Влас закончил стирать и стал колоть дрова. Вообще говоря, было жарко, но небо висело синюшное и мало походило на привычную с детства небесную твердь.
— Тойра, — сказал он, тихо присев на чурку, — старая ведьма, иди есть.
Тетка пришла к вечеру. Из бесчисленных кармашков ее юбки торчали пучки трав, в голове висели грязные полуседые волосы с налипшими травинками и прочим растительным сором.
— Милости просим, — сказал Влас и покормил тетку кашей с консервами и питерской водкой со вкусом ежевики.
— Хороша, — мягко отозвалась тетка о водке, — но водяниста. Сам делал?
— Боже упаси, тетя, — сказал Влас, — казенная.
Тетя о чем-то покачала головой и, встав из-за стола, направилась к себе в спаленку, темный и теплый чуланчик с комодиком времен становления Российской империи и старинной иконой Спас Ярое Око. Икона была в серебряном окладе и на Власа всегда производила неизгладимое впечатление…
В далеком, похожем на прихотливые переливы старинного калейдоскопа, Власовом детстве Тойра со своей иконой сыграла роль значительную и весьма. Власу исполнилось двенадцать, когда, искупавшись в мартовской украинской речке, не смог больше ходить. Отнялись ноги — и точка.

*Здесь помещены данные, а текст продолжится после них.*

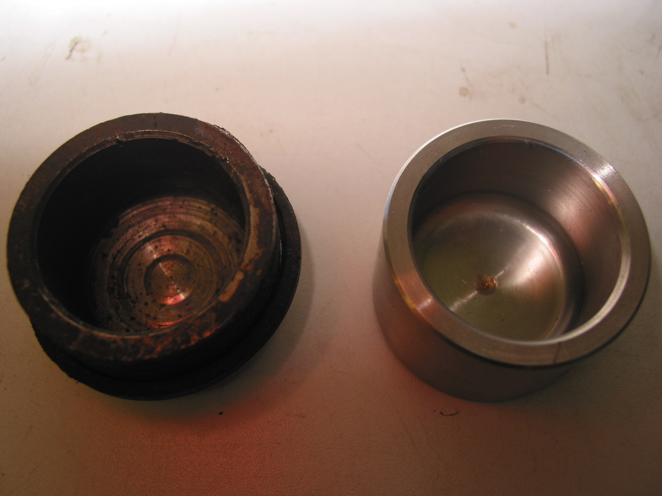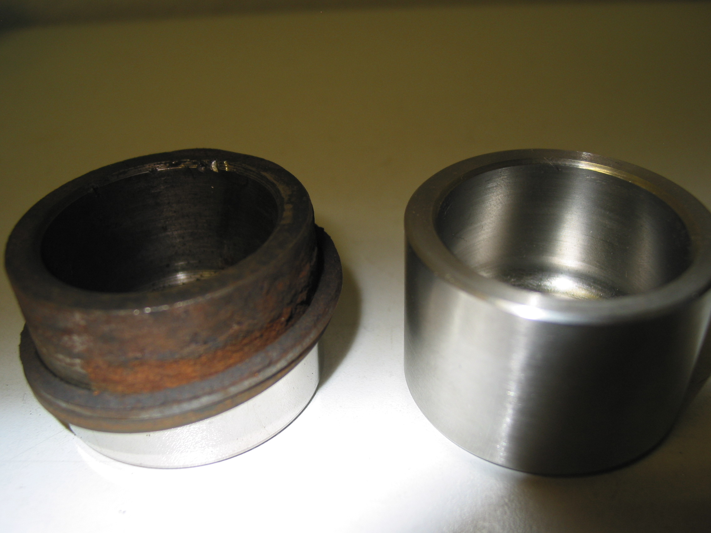 Pístek z mého Defa (145tkm) v porovnání s nerezákem. U mě šli pístky ještě vytočit alespoň kleštěma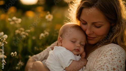 A serene moment of a mother holding her sleeping baby in a flower-filled field.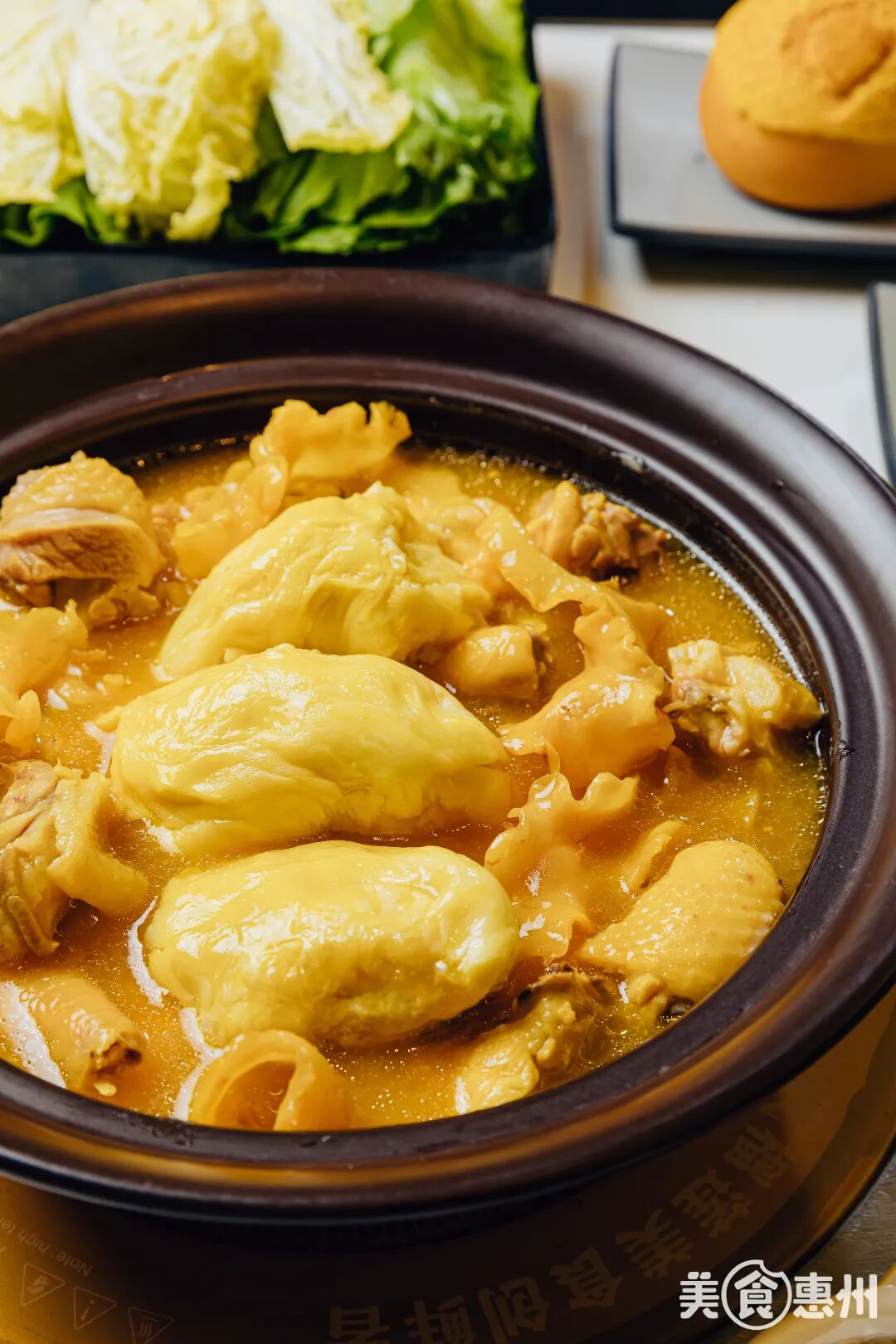 选用肉甜而饱满的金枕榴莲和养足150天的新鲜走地鸡作为原材料。再辅以独家调制配比的汤底,鲜美又上头。加之榴莲与鸡均是营养丰富的食材,广东人一定要尝尝这道美味。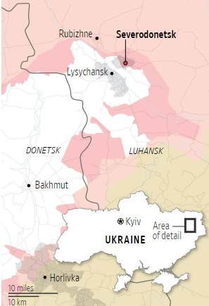 Ukraińskie jednostki wojskowe starały się zająć wyższe tereny w Łysychańsku, który znajduje się po drugiej stronie rzeki Siwerskij Doniec od Siewierodoniecka i jest mniej więcej tej samej wielkości, aby odeprzeć rosyjskie atakii próbując uniknąć otoczenia.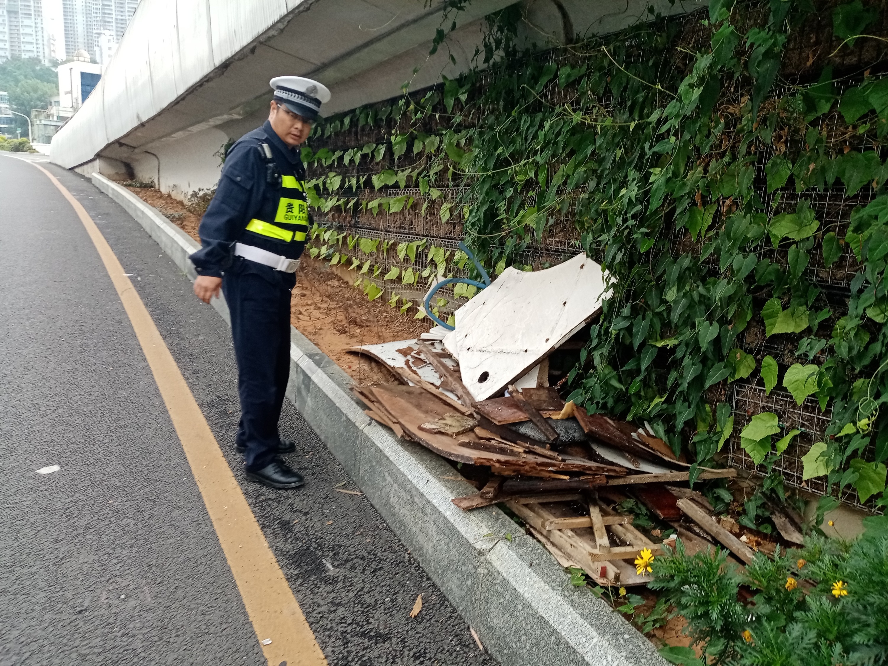 当日11时左右,南明交警二中队执勤人员在人民大道开展道路巡逻工作,巡逻至人民大道河滨隧道出口路段时,发现道路中间有一堆障碍物,民警余德亮,辅警李厚春、周斌立即上前查看,发现是一堆木料垃圾,执勤人员分析可能是货车不小心掉落的,这些掉落的木料垃圾散落在路上,给过往的车辆带来不便的同时,还存在较大的交通安全隐患,容易导致道路交通事故发生。

Через два года с большими трудностями выписали и привезли Тойру. Тойра ехать никуда не хотела, и, по семейному преданию, отец перед ней стоял на коленях и рассказывал о том, к каким докторам ходил и что они сказали.
— Влас, — сказала с порога приехавшая тетка, — ты сейчас встанешь и принесешь мне из колодца воды.
— Он же безногий, — вырвалось у матери.
— А ты безголовая, — сказала Тойра. Не разуваясь, прошла к Власу.
Потерла его ноги, пощипала, погладила спину.
— Топор принеси, — сказала отцу.
Отец пошел и принес топор. Тетка достала свою икону. Аккуратно поцеловала ее. Протянула Власу.
— Держи, — сказала. Взяв в руки топор, покачала его в руке.
— Саша, — со стоном произнесла перепуганная мать отцу, — Саша!
— Выведи истеричку, — приказала Тойра и, проводив супружескую пару недобрым взглядом, обратилась к племяннику:
— Сейчас я тебе отрублю ноги, а потом приставлю. Понял?